### TRY IT
Repeat the data below exactly, dropping any pictures it holds.

——

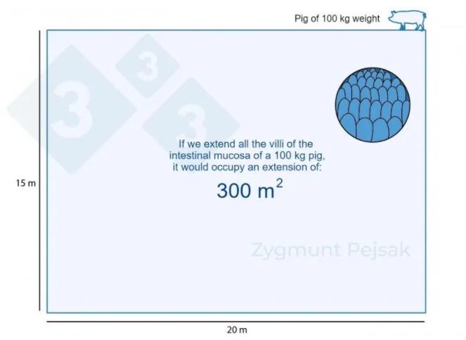 圖1. 100公斤育肥豬的腸粘膜面積約為300平方米
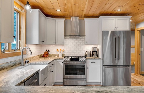 This 5-bedroom, 3-bathroom lodge blends modern design with mountain comfort, creating a relaxed and welcoming space to unwind after a day on the slopes. The open-concept vaulted living area flows seamlessly into a well-equipped kitchen and dining space, perfect for gathering with friends and family.
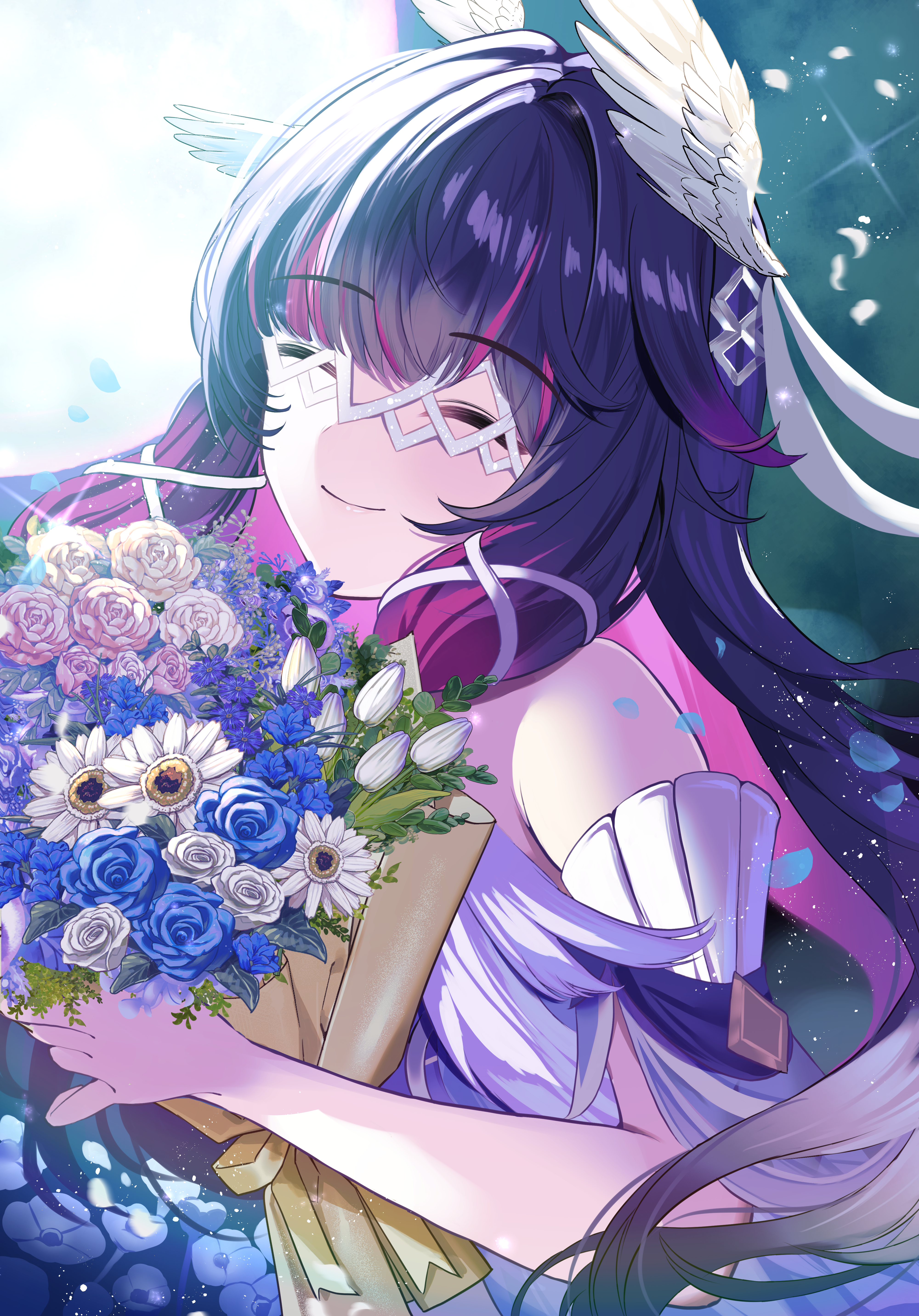 1boy1girlbare shouldersblue flowerblue rosebouquetclosed eyesclosed mouthdressfeathered wingsflowerhead wingsholdingholding bouquetlong hairmulticolored hairpink flowerpink hairpink rosepurple hairroseshort sleevessmilesolostreaked hairtuliptwo-tone hairupper bodywhite dresswhite flowerwhite tulipwhite wingswings
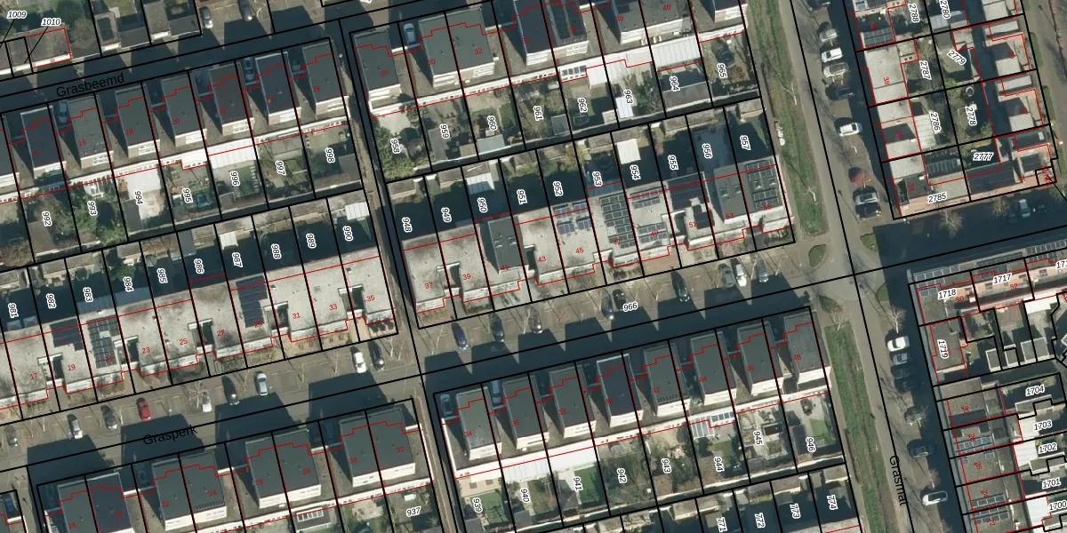 Het perceel waarop Grasperk 43 staat heeft een oppervlakte van 202 m². Dit is een middelgroot perceel. De perceeloppervlakte wordt geregistreerd door het Kadaster. Gedetailleerde informatie over de maten van dit perceel kunt u vinden in het rapport Kadastrale kaart met maatvoering van Grasperk 43.
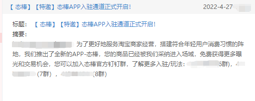 在自家店鋪商品自動被搬運(yùn)到態(tài)棒平臺的兩周之后,潮牌女裝創(chuàng)始人趙茜終于在淘寶后臺收到了的入駐態(tài)棒的正式“特邀”。而邀請信息中,“免費(fèi)獲得更多曝光和交易機(jī)會”一句話,無疑成了直擊她的痛點(diǎn),和最吸引同行們的利益點(diǎn)。
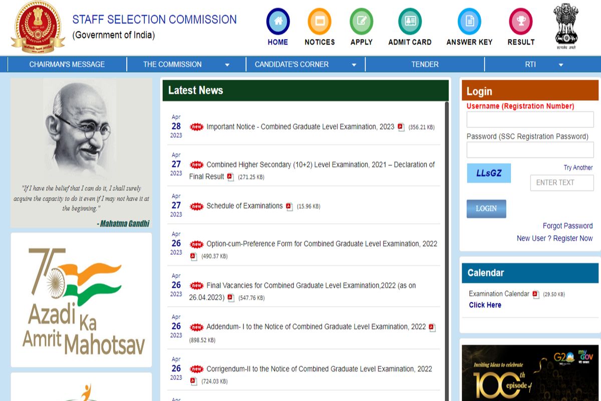 2. यहां होम पेज पर उपलब्ध एसएससी परीक्षा कैलेंडर 2023 लिंक पर क्लिक करें।
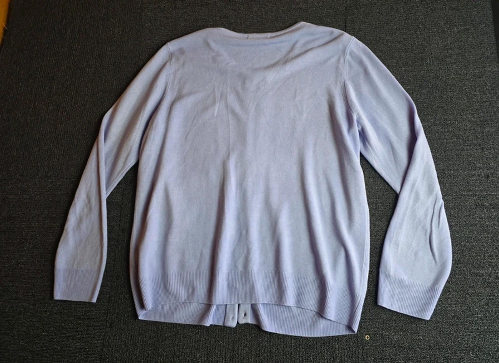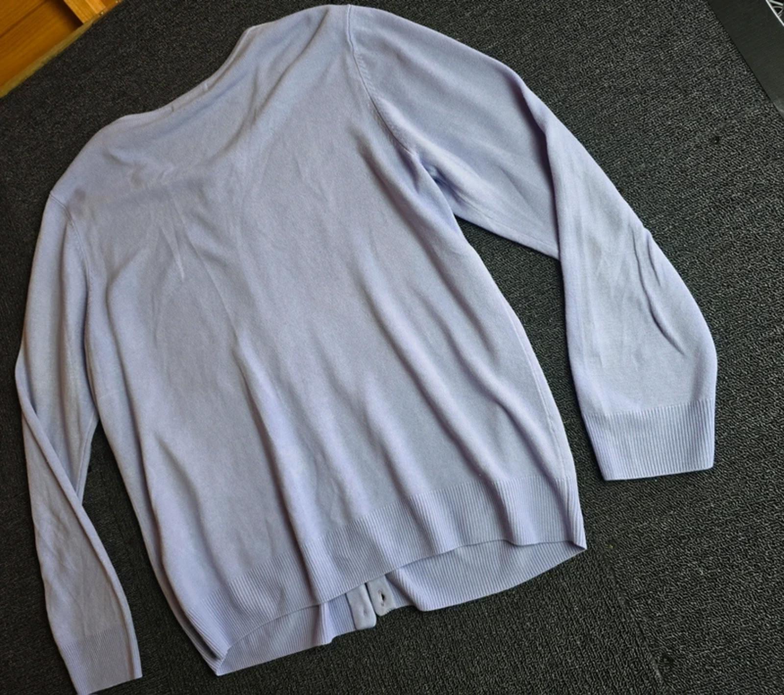 Preloved button-up cardigan in soft lilac, ideal for everyday wear, work or easy layering.
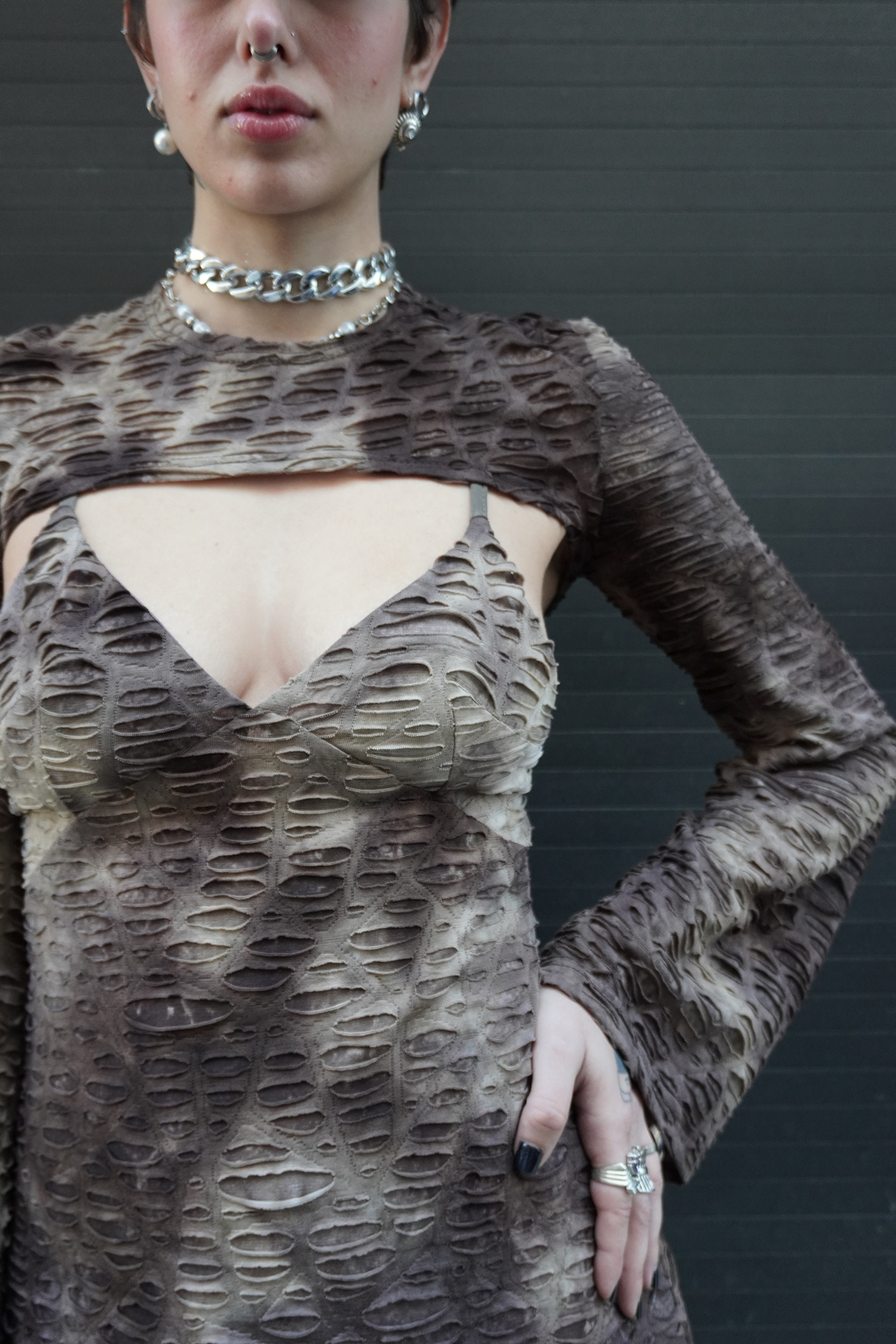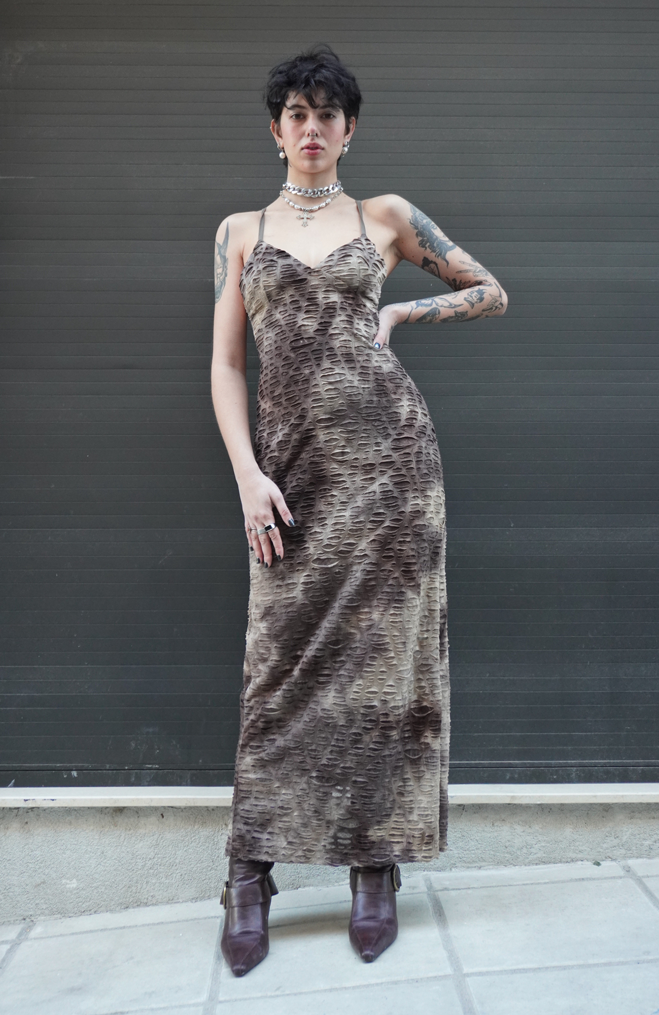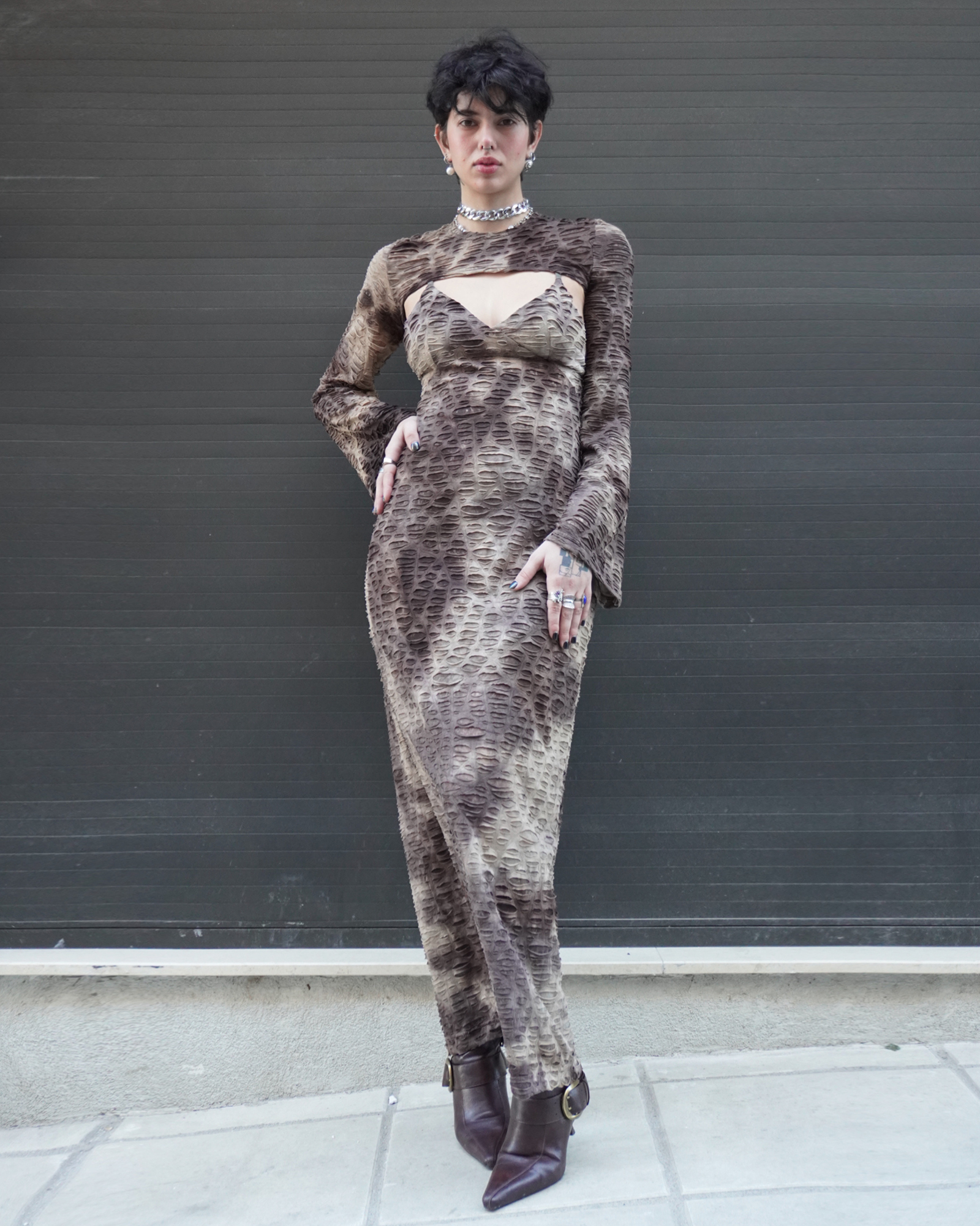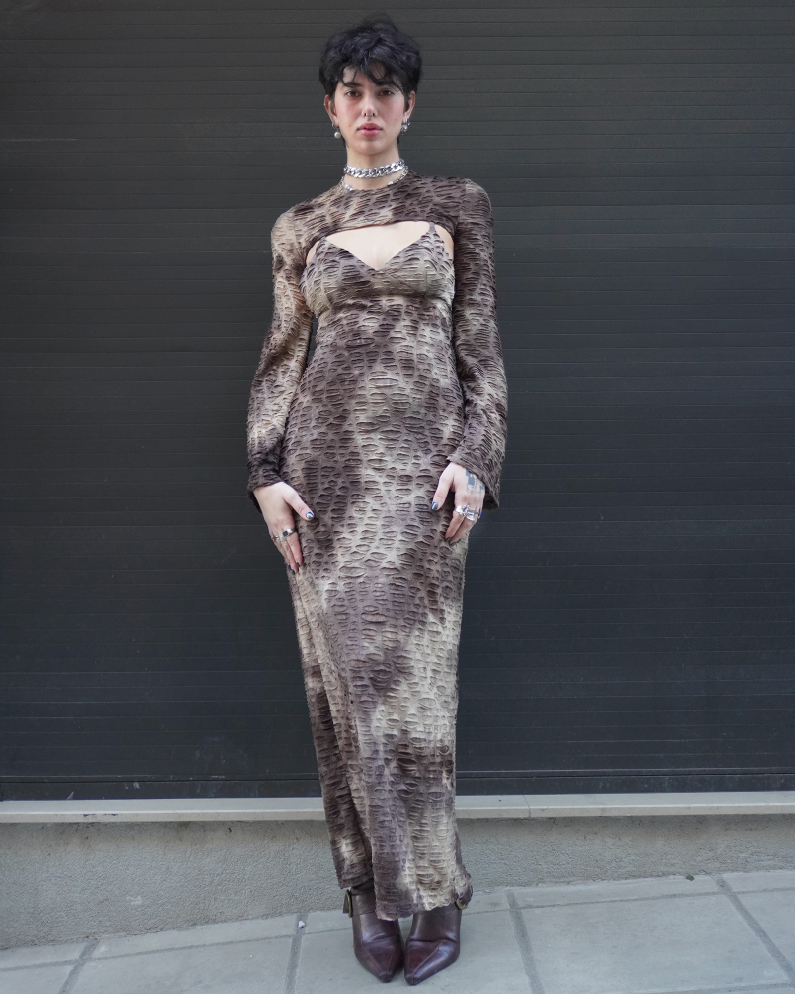* Washing instructions : All our clothes are handcrafted, so wash at a low temperature, typically on 30 degrees.Open back long dress with long-sleeve top.

——

### RESPONSE
 圖1. 100公斤育肥豬的腸粘膜面積約為300平方米
 This 5-bedroom, 3-bathroom lodge blends modern design with mountain comfort, creating a relaxed and welcoming space to unwind after a day on the slopes. The open-concept vaulted living area flows seamlessly into a well-equipped kitchen and dining space, perfect for gathering with friends and family.
 1boy1girlbare shouldersblue flowerblue rosebouquetclosed eyesclosed mouthdressfeathered wingsflowerhead wingsholdingholding bouquetlong hairmulticolored hairpink flowerpink hairpink rosepurple hairroseshort sleevessmilesolostreaked hairtuliptwo-tone hairupper bodywhite dresswhite flowerwhite tulipwhite wingswings
 Het perceel waarop Grasperk 43 staat heeft een oppervlakte van 202 m². Dit is een middelgroot perceel. De perceeloppervlakte wordt geregistreerd door het Kadaster. Gedetailleerde informatie over de maten van dit perceel kunt u vinden in het rapport Kadastrale kaart met maatvoering van Grasperk 43.
 在自家店鋪商品自動被搬運(yùn)到態(tài)棒平臺的兩周之后,潮牌女裝創(chuàng)始人趙茜終于在淘寶后臺收到了的入駐態(tài)棒的正式“特邀”。而邀請信息中,“免費(fèi)獲得更多曝光和交易機(jī)會”一句話,無疑成了直擊她的痛點(diǎn),和最吸引同行們的利益點(diǎn)。
 2. यहां होम पेज पर उपलब्ध एसएससी परीक्षा कैलेंडर 2023 लिंक पर क्लिक करें।
 Preloved button-up cardigan in soft lilac, ideal for everyday wear, work or easy layering.
* Washing instructions : All our clothes are handcrafted, so wash at a low temperature, typically on 30 degrees.Open back long dress with long-sleeve top.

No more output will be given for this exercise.